Freshwater Labs attends SRF!

Members of the Freshwater Lab had a great time at the Salmonid Restoration Federation conference in Santa Cruz in early May! Gabe organized an incredible session on Foodscapes and members of the lab gave presentations in multiple sessions. Great exchange of ideas about salmon life history diversity, non-natal rearing, food webs, fire and flow!

Sooyeon presents at the European Geophysical Union

Sooyeon Yi, postdoc in the Freshwater Lab, presented her work titled “Defining Environmental Flow Needs for California’s Central Valley Rivers” at the European Geophysical Union (EGU) in Session HS3.5. Her presentation focused on designing rulesets for calculating functional flow targets and shared preliminary results showing how well these targets were met across different river basins and water year types. The talk received strong interest and thoughtful feedback, particularly around the broader applicability of the approach to other basins.

Flow–phenology mismatches threaten salmonid fishes

Several current and former members of the Carlson Lab group recently published a paper, Anatomy of a range contraction: Flow–phenology mismatches threaten salmonid fishes near their trailing edge, that shows the effects of an extreme hydroclimatic event on salmon and steelhead populations in streams along the North Coast of California. Extremely late rains and low flows during the winter of 2013/14 blocked access to critical breeding and rearing habitats for Chinook salmon, coho salmon, and steelhead trout. This “flow-phenology mismatch” delayed the timing and reduced the range of spawning for all three species and in some cases resulted in cohort failure. The study demonstrates how the timing of particular storms can play an outsized role in determining which migratory fish species are able to access their upriver breeding grounds and persist. It also highlights the value of long-term monitoring programs and partnerships that allow us to identify the broader impacts of these types of events. You can read more about this work in these news stories: UC Berkeley news story, SF Gate article, Courthouse news article.

New paper on juvenile coho life history diversity

Congratulations to Freshwater Lab postdoc Hank Baker on a new paper in Ecology Letters, Variation in salmon migration phenology bolsters population stability but is threatened by drought! The research team used over a decade of movement data to characterize variation in the rearing strategies of juvenile coho salmon, which are endangered on the central California coast. They found that some fish leave their natal habitat early to rear in the lower portion of the creek, while others stay in their natal habitat until they are ready to migrate to sea. This seemingly subtle variation in behavior dramatically improves population stability and may be an important feature in their recovery. However, variation is reduced or absent in low flow years, suggesting that the negative effects of drought on salmon may be compounded by loss of critical phenotypic variation. This work was funded by the NOAA Restoration Center as part of ongoing salmon recovery efforts in Willow Creek, a tributary to the Russian River in Sonoma County, CA. For more information on this work, see our news story.

Royale presents Illuminating “Good Fire” at Cal Academy

Royale Williams gave a talk at the California Academy of Sciences about the history and importance of cultural burns. These burns not only promote cultural revival, but also ecological health, as they invigorate the overall health of forests, from vegetation to animals. She was joined by Maddy Rifka whose image, Good Fire, was the first-place winner of the 2024 BigPicture Natural World Photography Competition.

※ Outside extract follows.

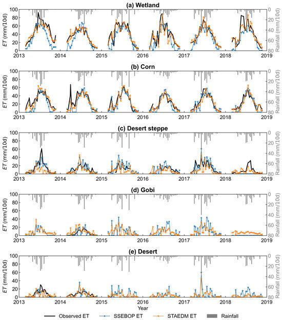 In non-vegetable surfaces, the seasonal variation of ET is mainly influenced by precipitation. When there is no rainfall, the ET value is very low, usually less than 10 mm/10 d (Figure 11). With rainfall, both SSEBOP and STAEDM ET values increase sharply. The increase of STAEDM ET is similar to the variation of observations. Note that the rainfall data from the corn station was applied to the five sites due to the limited size of the study area and the discontinuity of rainfall data from other stations.

You can watch Royale’s talk here!

Giant water bugs, river drying, and cross-ecosystem linkages

Former Ruhi lab undergraduate Amin al-Jamal has published a new paper in EcologyAquatic top predator prefers terrestrial prey in an intermittent stream! Meet the belostomatid giant water bug Abedus indentatus, the dominant predator in fishless sections of Chalone Creek, Pinnacles National Park, California. Despite living in the water, the study found that water bugs seem to prefer prey from the terrestrial environment. Isolated pools in drying rivers have incredibly high perimeter to area (P/A) ratios, and aquatic predators such as giant water bugs enjoy the increased influx of terrestrial prey! On top of that, prey that fall into the water are less equipped to deal with an aquatic predator. The double whammy of high P/A ratios and increased prey susceptibility in intermittent streams might facilitate this cool feeding preference!

Kendall Archie to begin his MS at Cal Poly Humboldt

Congratulations to Ruhi Lab manager Kendall Archie on his new position as a Masters student at California State Polytechnic University, Humboldt. Kendall will be advised by Alison O’Dowd and is joining a project that seeks to understand the food web responses associated with the Trinity River. Kendall is bringing his benthic macroinvertebrate expertise up north and will examine salmonid food resources and diet. Thank you for being a fantastic lab manager and we wish you the best in your graduate studies!

New paper in Ecology Letters

Congratulations to postdoc Robert Fournier on the publication of the paper “Long‐term data reveal widespread phenological change across major US estuarine food webs“. Using long-term biomonitoring data, we examined climate-driven phenological shifts within and across food webs in the San Francisco, Chesapeake, and Massachusetts Bay estuaries.